I ran into an unexpected problem: I need a Linux task which handles Postgres (over libpq) Db queries and Oracle (over libclntst.so) Db queries. Creating a program to do one without the other is straightforward/routine.
However, a program that links in libpq and its dependent libraries plus Oracle's shared client library cores in OCIServerAttach.
Now if I try to make the same program by linking in only archive versions of libpq, libpq's dependent libs like ssh/ldap/crypto --and-- libclntst.a there's a zillion duplicated symbols mostly of the ssh/ldap/crypto variety. I'm guessing the shared library approach hides those conflicts and incorrectly resolves them at runtime.
I am versant with OCI, and libpq calls. All this code is doing is connecting resp. to a PG db and an Oracle Db ... 100% sure it's not the code itself but rather linking issues. Indeed, if I remove the PG PQconnect/PQfinish call and libpq from the linker line ... Oracle works as expected. And vice-versa.
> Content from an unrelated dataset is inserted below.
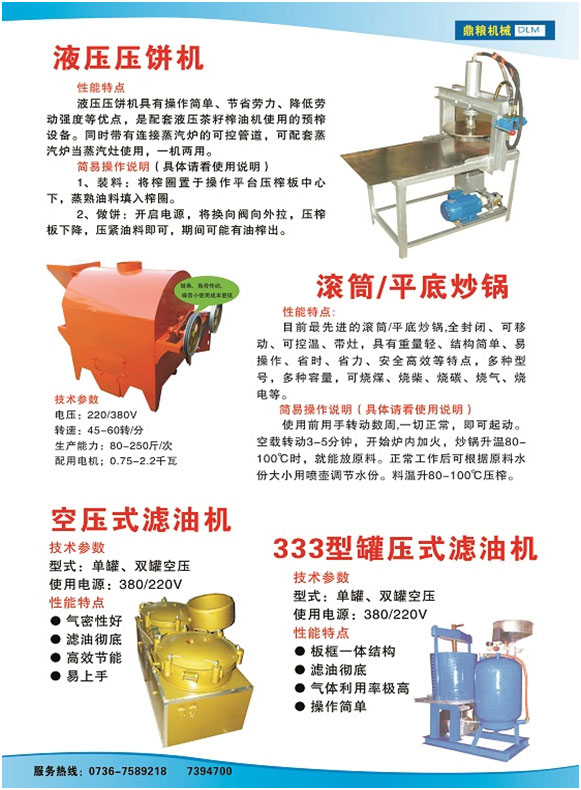 針對(duì)小型榨油廠等用戶,適合冷榨、熱榨等菜籽油和花生油等毛油的澄清過(guò)濾,濾出的油脂達(dá)到不起沫,少油煙,無(wú)沉淀物。可連續(xù)加工大量油脂。氣壓式濾油機(jī)是通過(guò)空氣正壓方式濾油,使毛油通過(guò)多層高密度濾油布進(jìn)行精濾,從而實(shí)現(xiàn)毛油的油、渣分離,過(guò)濾后的油質(zhì)更加清澈。精濾后可過(guò)濾出油渣里的大量殘油,過(guò)濾后的油渣為干餅狀,油餅的帶油率極低,從而提高了出油率。

We're migrating an extremely large Oracle Db to Postgres and would prefer to do it by use-case ... therefore our main task sometimes needs to hit PG and sometimes needs to hit Oracle.
Any ideas? I considered ODBC for Oracle ... but ultimately ODBC is just another library which still requires libclntst.a which will hit into the same issue. Is there a modular way to link Oracle to get Oracle APIs without ssl/ldap/crypto? Another author recommended using dlopen to hand-load the Oracle shared library with a special flag. I tried that ... but didn't get too far. I don't believe dlsym is a recursive loader anyway ... and we're talking serious numbers of function calls for Oracle.